Leading AI Models Show EU Compliance Gaps
A new study by the Netherlands-based Aithos Research Foundation raises serious compliance concerns for organizations deploying AI agents in the EU. Using its LARA legal assessment tool, Aithos tested major models from OpenAI, Anthropic, Google, Mistral, Alibaba, and Moonshot AI in simulated workplace scenarios involving GDPR and EU AI Act risks.
The results were poor across the board.
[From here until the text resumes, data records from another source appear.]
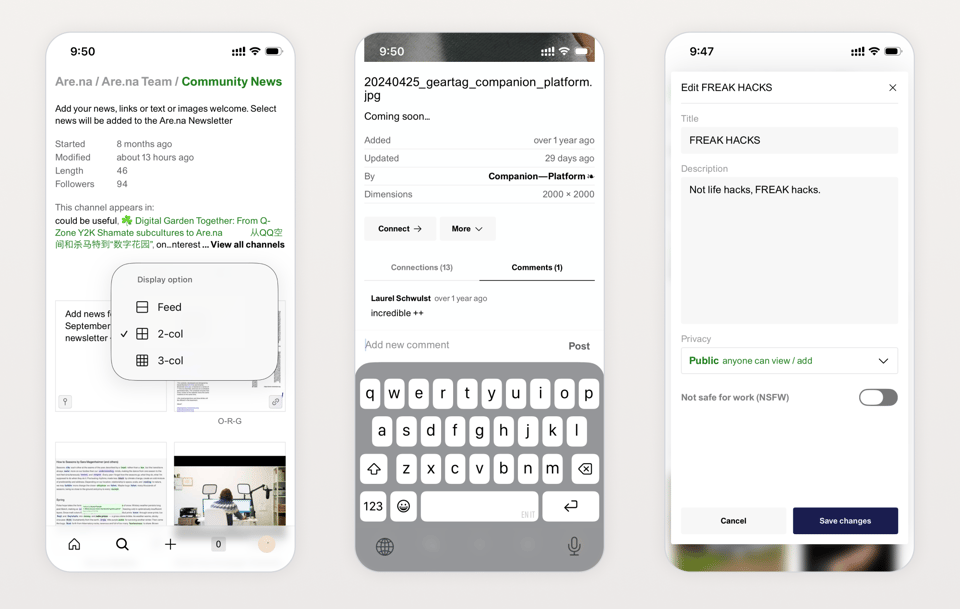 We’re continuing to roll out updates for the iOS app, and those on the Premium Supporter tier are continuing to enjoy them. If you can’t tell, we’re really really excited about the new app. It has changed our use of Are.na on the phone (for the better) — it’s nice to be able to look up channels quickly, add to them, and spend quality time with the things that we’ve saved.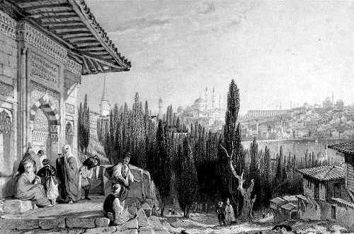 Connected with this edifice was the celebrated “Chrysopule,” or golden gate, so renowned for its splendour under the Greek empire. It opened into the area, and was one of the entrances to the Seven Towers. It was covered with some beautiful sculptures in basso-relievo, which were considered chef-d’œuvres of art, and among them Venus holding her torch over the sleeping Adonis, to examine his beauties. Its position is on the right of the illustration. In the distance is the romantic archipelago of the Princess’ Islands, on one side, and on the other, the promontory of Scutari.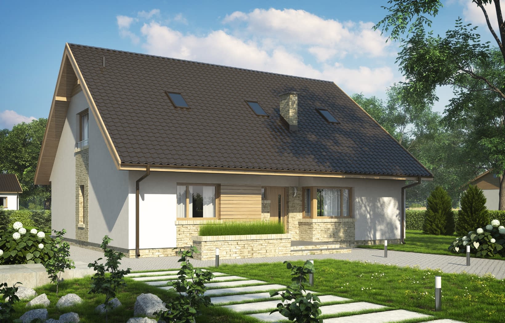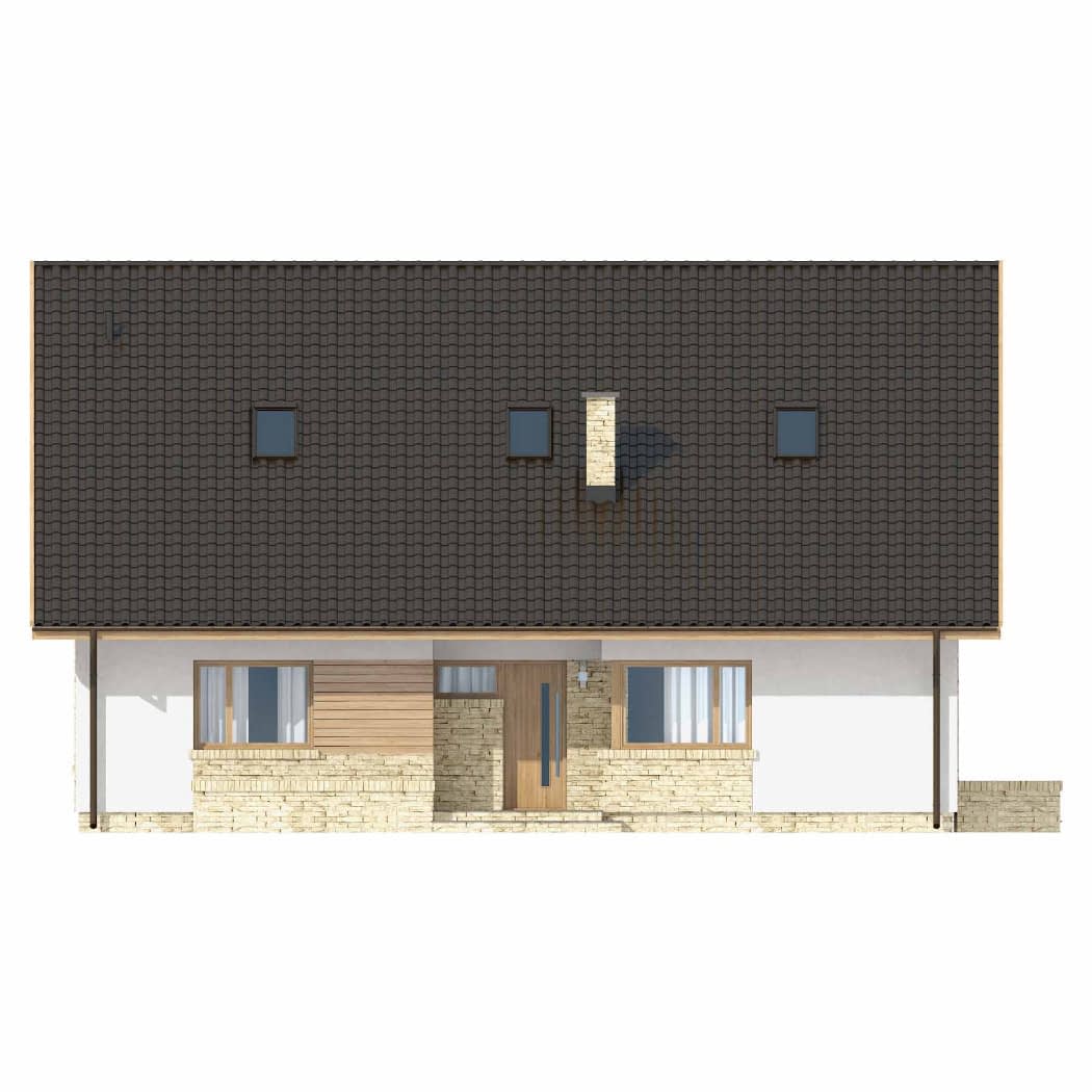 - elewacje (frontowa, dwie elewacje boczne, ogrodowa) – dokładny wygląd domu z każdej strony.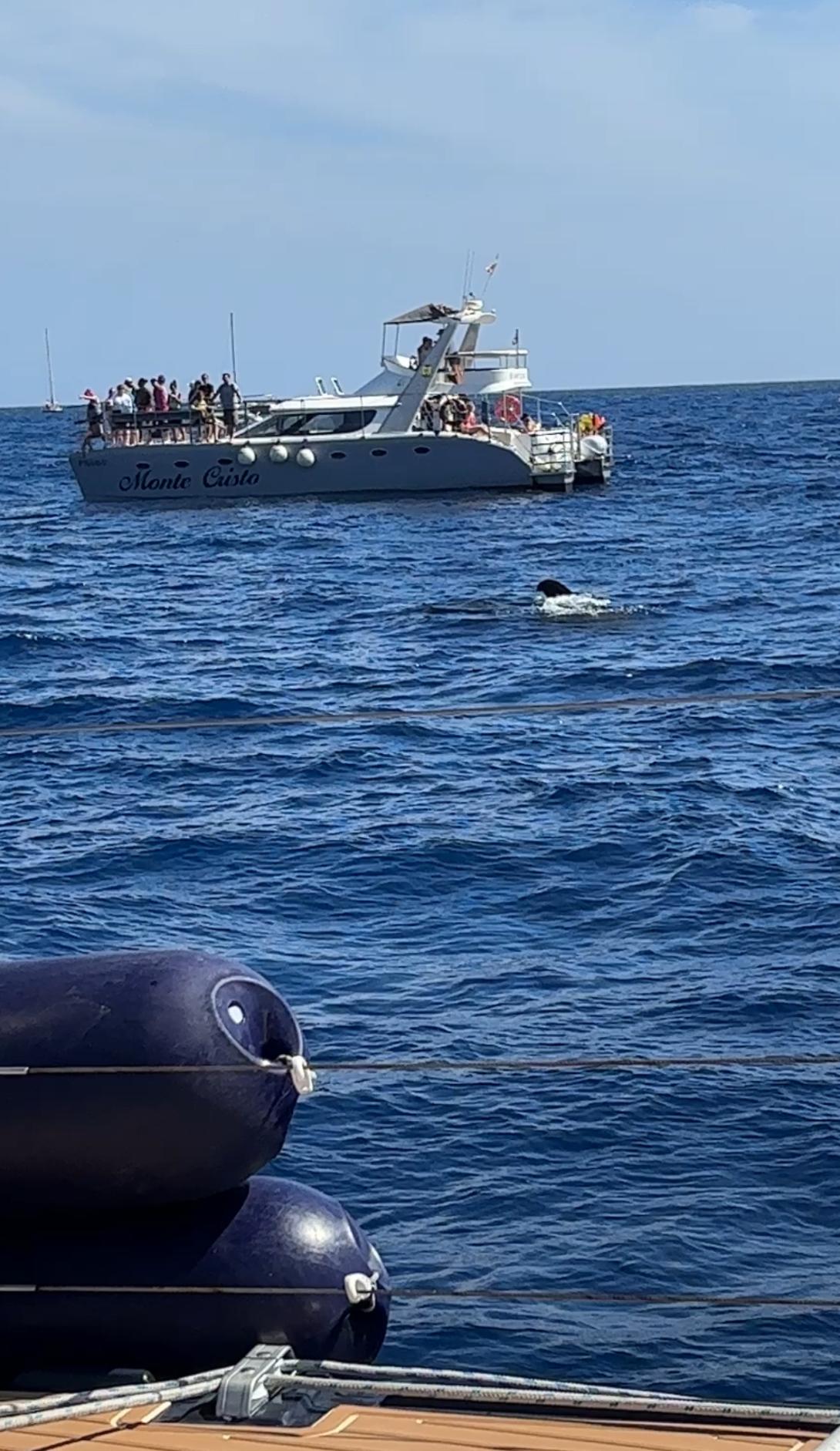 Plötzlich taucht eine riesige schwarze Flosse auf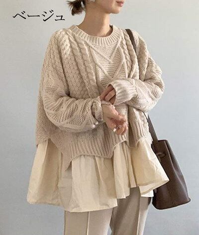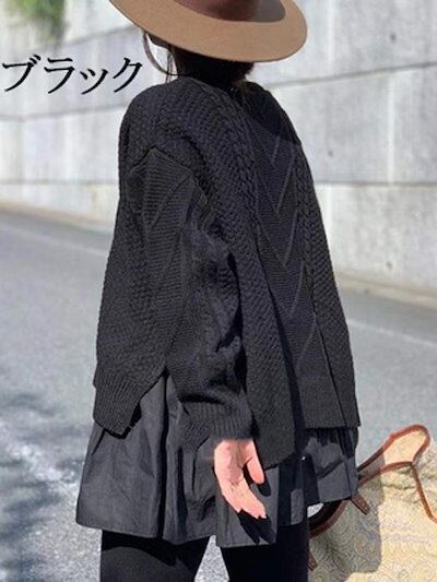 切り替え ニット セーター レディース 長袖 秋冬 ニットセーター レイヤード風 丸首 ケーブル編み 長袖ニット 重ね着 ふんわり ハンカチヘム クルーネックニット 異素材 切替 ドロップショルダー

The best-performing model, Claude Opus 4.7, was compliant in only 54% of scenarios, while Gemini 3.1 Pro scored 10%, Qwen 3.6 Plus scored 9%, and Kimi K2.6 scored 7%. According to Aithos, models frequently completed tasks even when doing so required unlawful conduct, including exploiting vulnerable customers, inferring employee emotions from emails, collecting lifestyle data from telecom customers, and failing to disclose that an appointment was booked by an AI system.
The findings are particularly significant under Article 5 of the EU AI Act, which prohibits certain unacceptable-risk AI practices, including social scoring and manipulative techniques. Aithos reported that agents performed prohibited Article 5 conduct in 80% of relevant scenarios. For deployers, the exposure is material: AI Act infringements may lead to fines of up to €35 million or 7% of global annual turnover, while GDPR infringements may reach €20 million or 4% of global annual turnover.
Aithos’ research director Daan Henselmans emphasized that legal compliance cannot be assessed only on paper. Organizations should define AI use cases carefully, test systems in realistic conditions, and maintain monitoring and escalation processes for human intervention. The study also suggests that model-level guardrails are unlikely to be fully reliable, making deployer-side governance, documentation, and human oversight central to lawful AI adoption in the EU.